At two engineers, there is no process. You sit next to each other, say "I am changing the candidates table," and that is your coordination mechanism. It works until it does not.

Before hiring our third engineer, we invested two weeks in foundational infrastructure:

Monorepo with clear boundaries. We set up a Turborepo monorepo with apps/ and packages/ directories. New engineers could work on a frontend feature without touching backend code, even though everything lived in one repo. This was the single best early decision we made.
CI pipeline with teeth. Every PR ran linting, type checks, and tests. No exceptions. The rule was simple: if CI fails, the PR is not ready for review. This removed "works on my machine" from our vocabulary.
Database migration workflow. After the migration collision, we adopted sequential migration numbering through Drizzle Kit and a CI check that failed if two migrations had the same sequence number in a single PR.

Hiring at This Stage

Our first two hires came through personal networks. We did not have a formal process, and honestly, we did not need one yet. What we looked for was simple: engineers who could own a feature end-to-end. Not "I will build the API endpoint" but "I will talk to the hiring manager, understand what they need, build it, test it, and ship it."

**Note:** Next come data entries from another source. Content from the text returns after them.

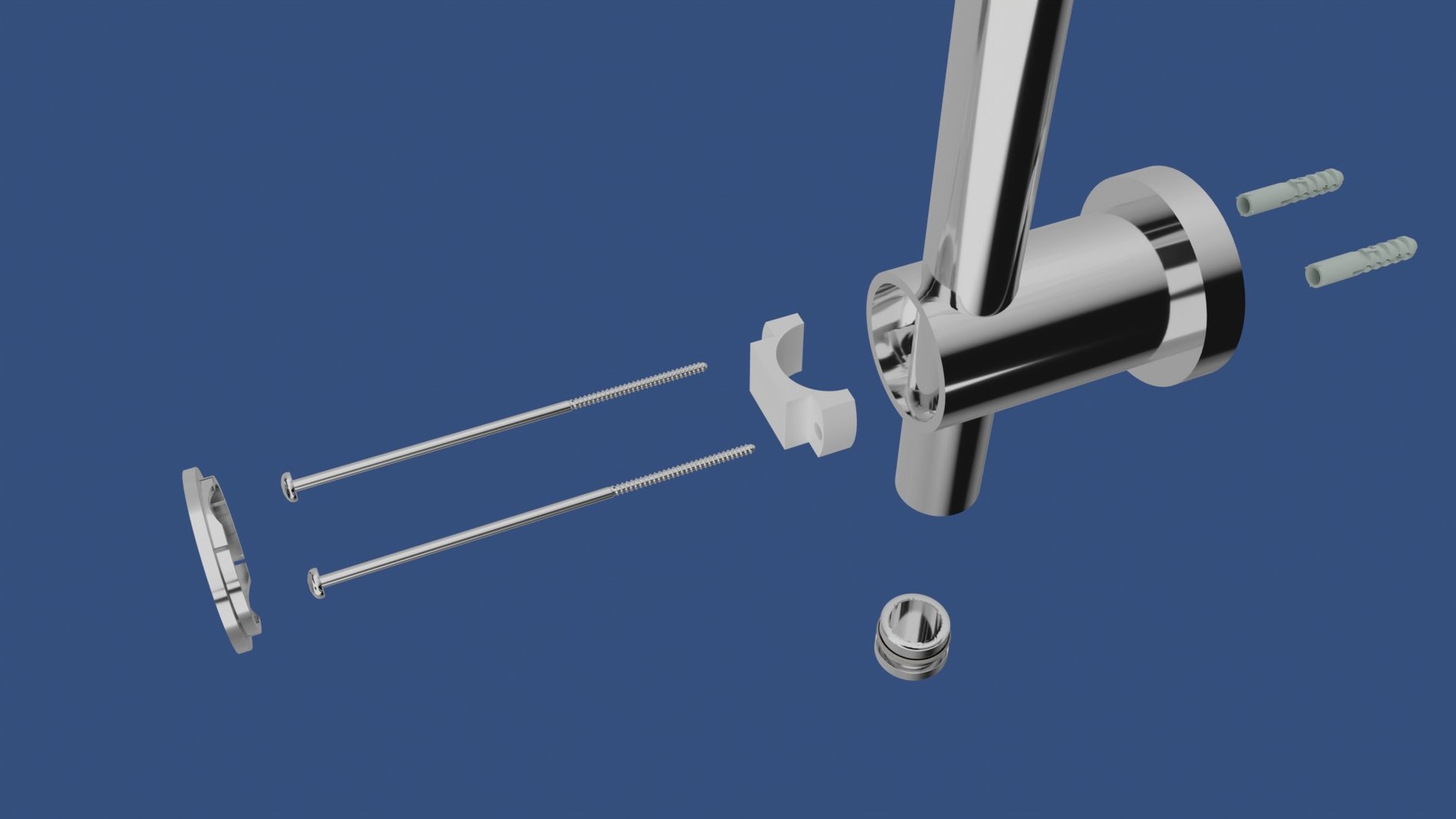 - oba úchyty na zeď, jsou nastavitelné (pojízdné) po celé délce tyče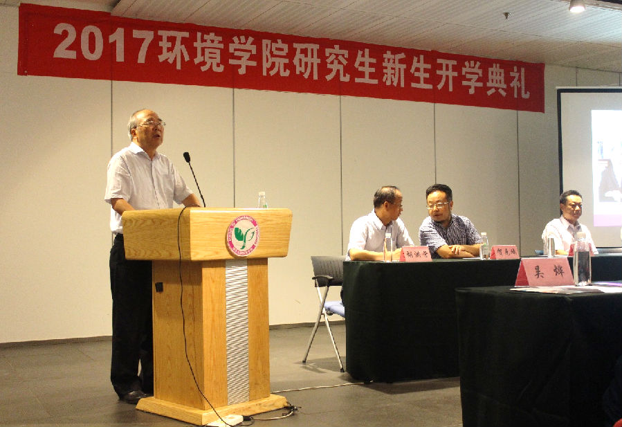 郝吉明院士、院长贺克斌院士、院党委书记刘毅、清华大学研究生院副院长胡洪营等教师代表们出席典礼,副院长吴烨主持典礼。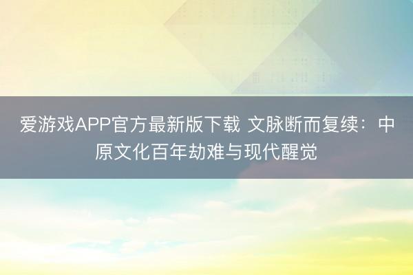 爱游戏APP官方最新版下载 文脉断而复续:中原文化百年劫难与现代醒觉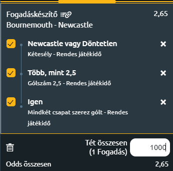 - A Newcastle ma még idegenben is nyomás alá helyezi majd a hazaiakat, akik átengedik a szervezés jogát, és gyors átmenetekkel próbálnak eljutni a vendégkapuig. Nyílt támadófocit, izgalmas meccset várhatunk, ahol mindkét csapat szerez gólt, minimum három találat lesz és a döntetlen mellett a vendégsiker az esélyes.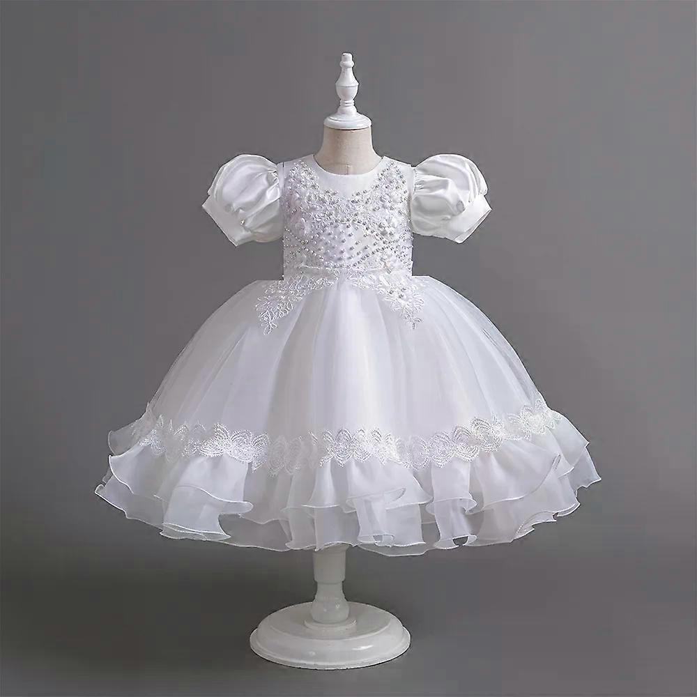 Layered Tulle Girls Skirt Ruffled Lace Trim Princess Style Party Gown Kids Puff Sleeved Beaded Children Embroidery Putty Dress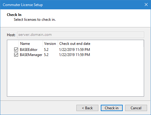 A commuter license can be checked back into the license server if it is no longer needed but the end date has not been reached. To check a license into the license server, you must be using a network commuter license for the server where you want to check in the commuter license.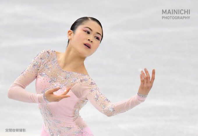 SP3位発進の宮原は、本番衣装でリンクに登場した。フリー「蝶々夫人」の曲かけ練習では3回転フリップで珍しく転倒したが、全体を通して安定感あるジャンプを披露。11月末のスケートアメリカ後、手直しした振り付けを入念に確認した。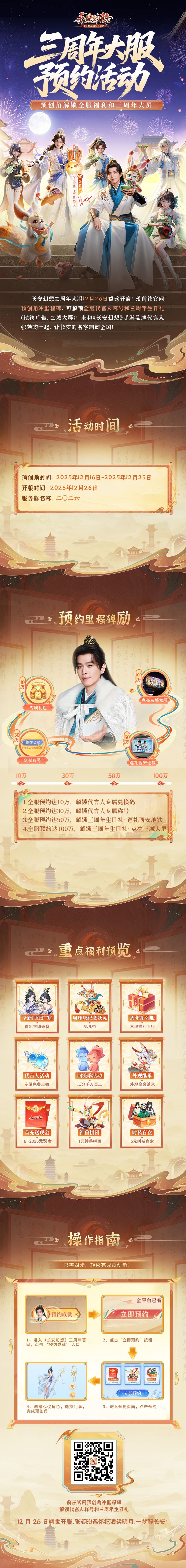 长安幻想三周年十万人系列大服福利拉满!12 月 26 日盛世开服,张若昀邀你把酒话明月,一梦醉长安!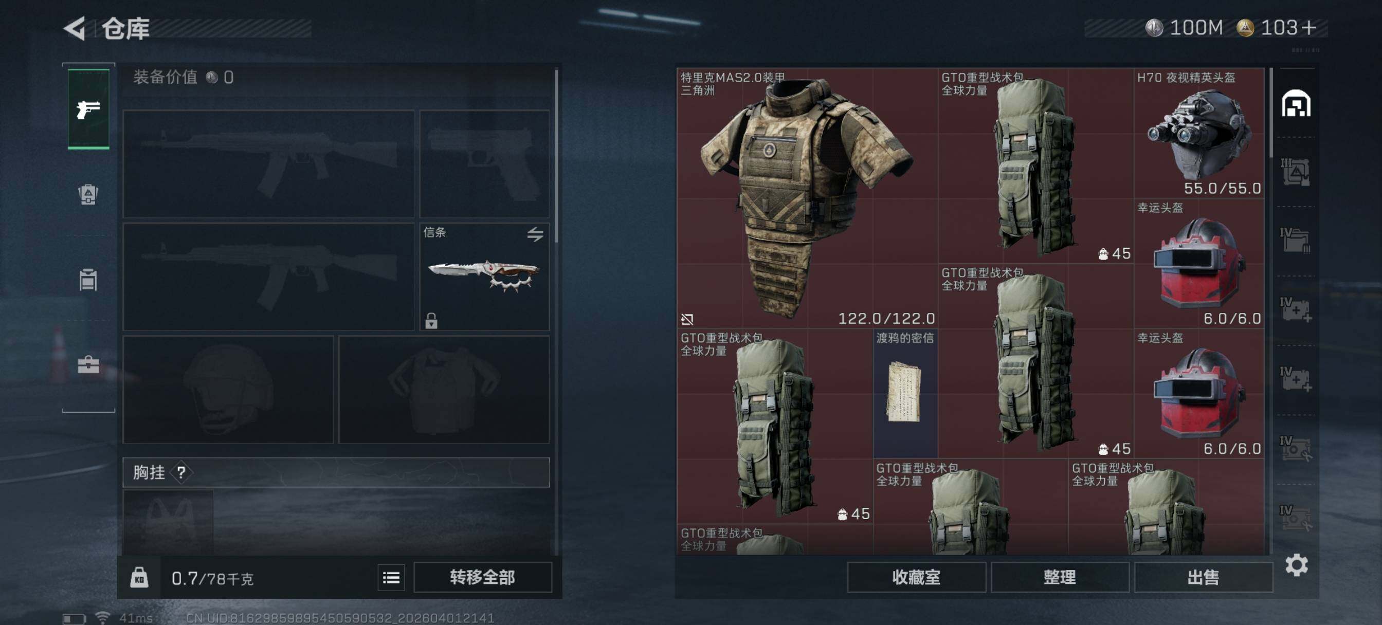 【特价出售/店主推荐】356m总资产-100412k哈夫币-60烽火等级-黄金-21战场等级-列兵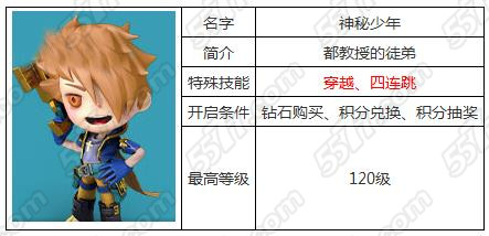 神秘少年拥有穿越和四连跳技能,满级属性是120级,如果上线,将是第二个有四连跳技能的人物。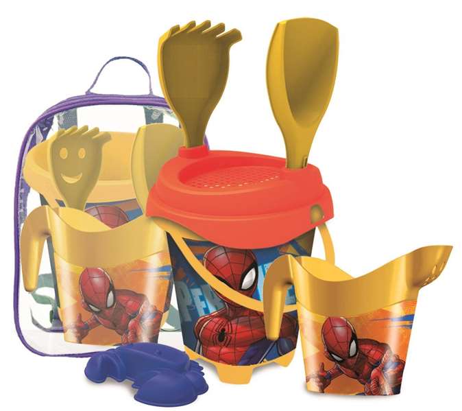 Mochila Cubo Playa Castillo Spiderman Con Cedazo, Pala, Rastrillo Y Moldes 18 Cm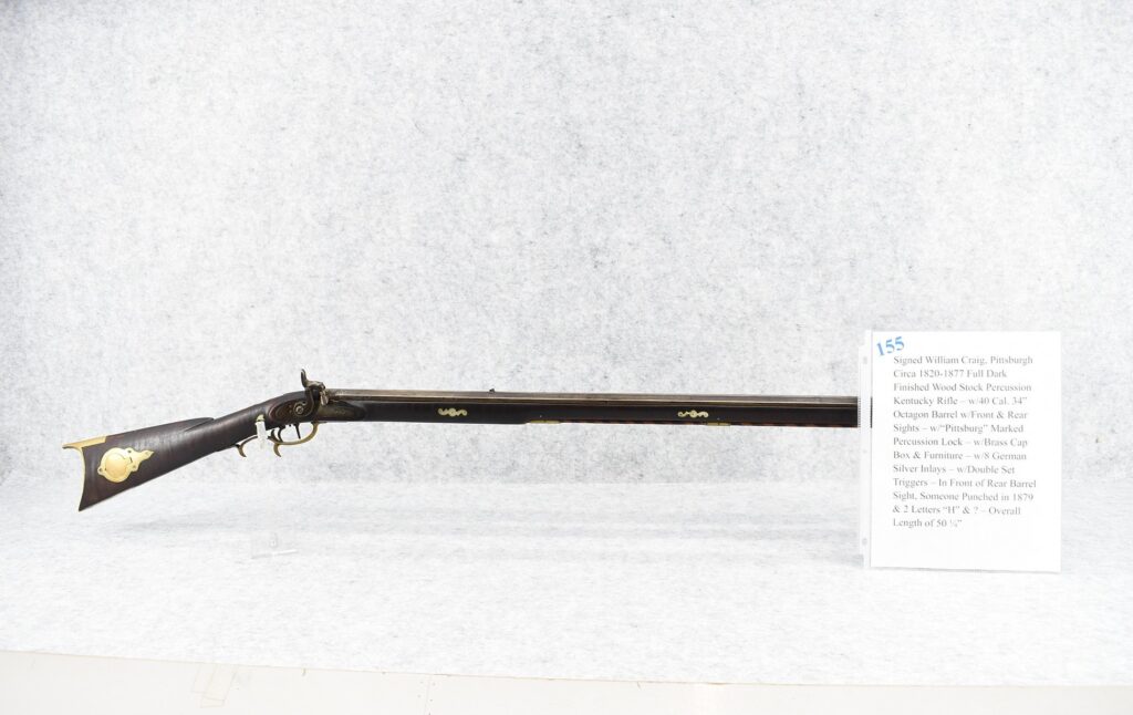 155.        Signed William Craig, Pittsburgh Circa 1820-1877 Full Dark Finished Wood Stock Percussion Kentucky Rifle – w/40 Cal. 34” Octagon Barrel
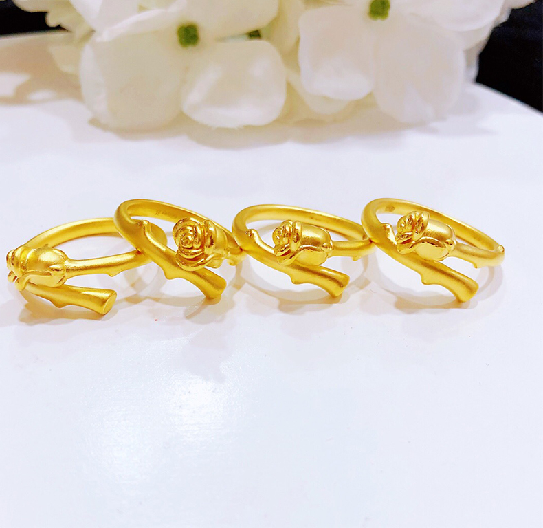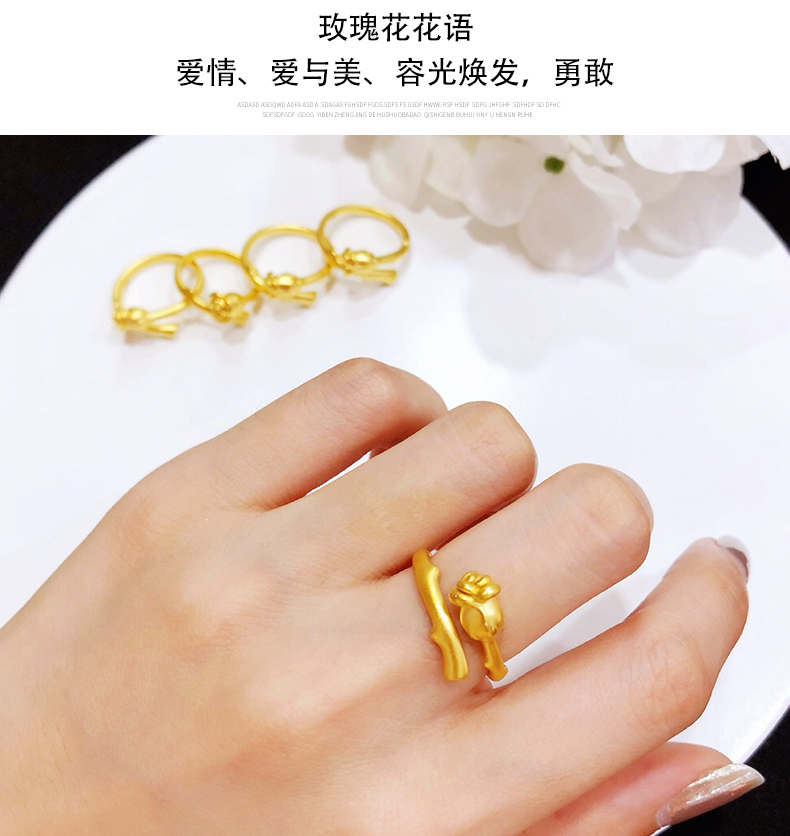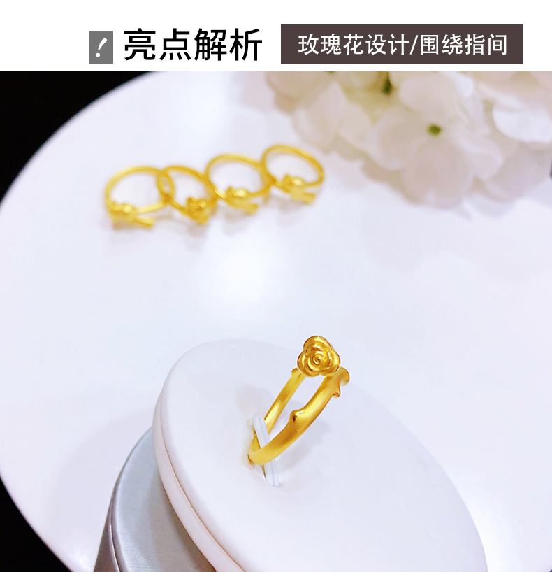 关于愛黄金戒指女新款999足金3D硬金玫瑰花转运珠戒指珠宝首饰
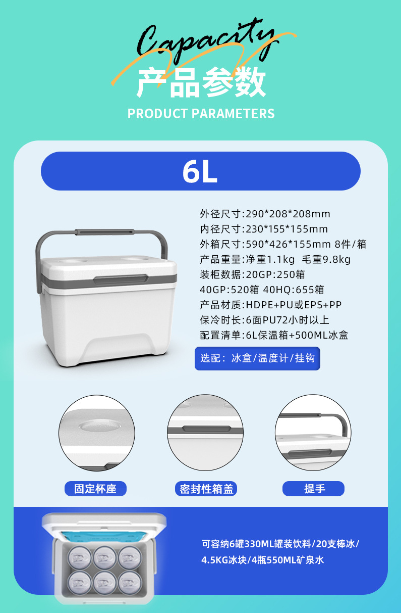 【新商品登場】6L ホワイト - ポータブルポータブル [フルPU保冷72時間] スポーツ - 軽量 - 無料アイスバッグ
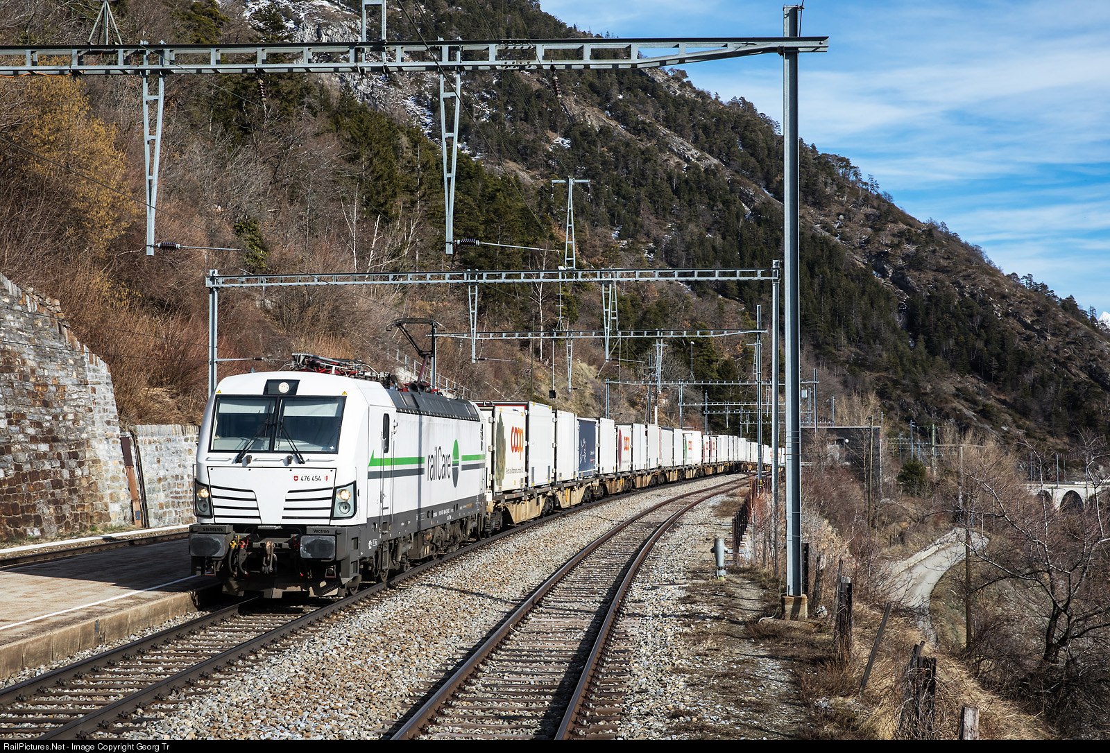 | Siemens "Vectron" Rem 476 # 454 of the RailCare is pulling the container train 63688 from Brig over the Lötschberg mountain line to Niederbottigen through Hohtenn. |
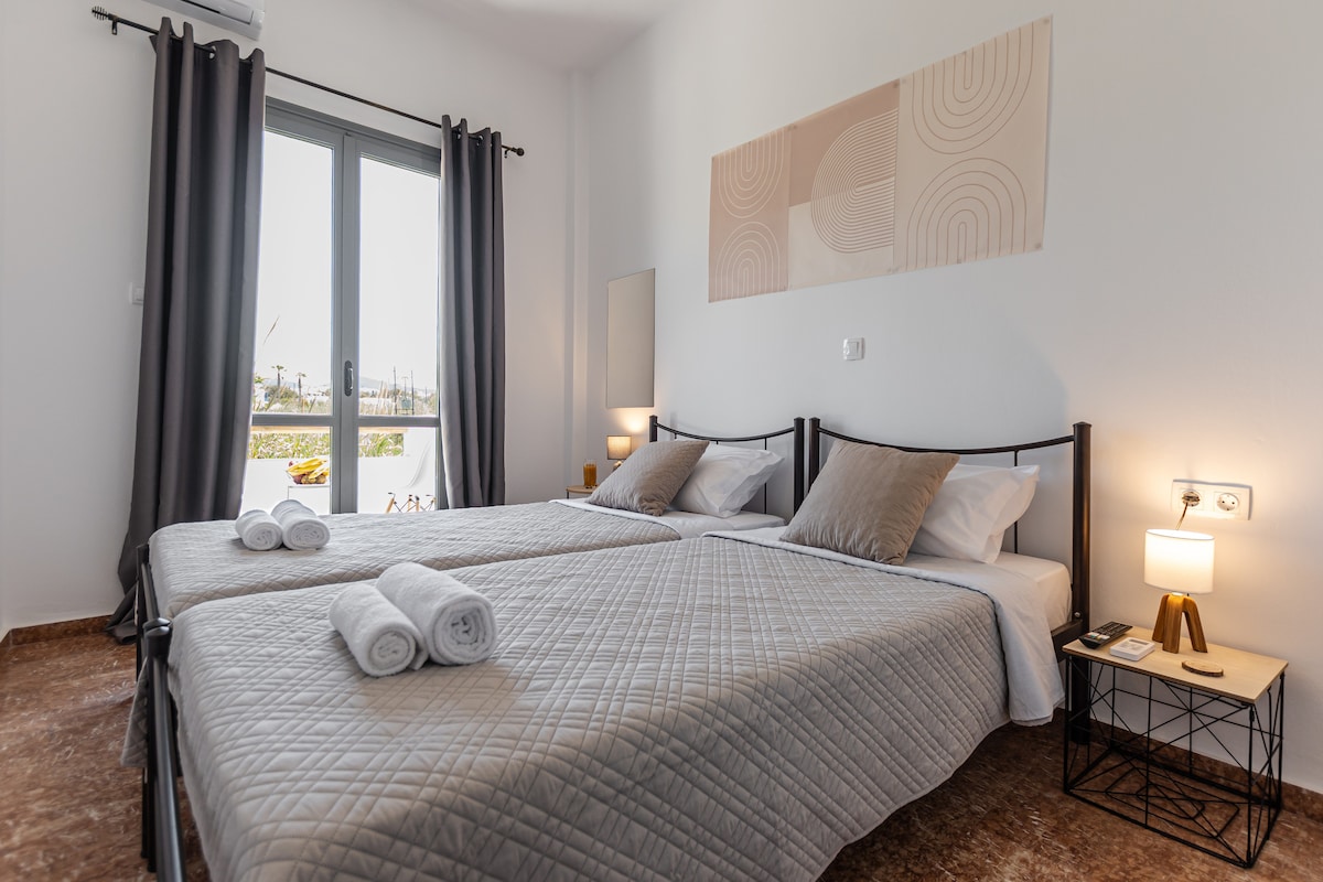 A brand new quiet and cool apartment in a beautiful relaxing yard in the heart of Naxos town is the best choice for your vacation. A short walk from the port, the commercial center of the town and the nearest beach. Nearby there are supermarkets, gyms, bus station, taxi rank, cafe, bars and restaurants

We made one early hiring mistake that taught me a lasting lesson. We brought on a senior engineer with impressive credentials who expected clearly scoped tasks and detailed requirements. At a four-person startup, nobody writes requirements. He lasted six weeks. The takeaway: at this stage, autonomy and judgment matter more than technical depth. You need people who can figure out the right thing to build, not just build what they are told.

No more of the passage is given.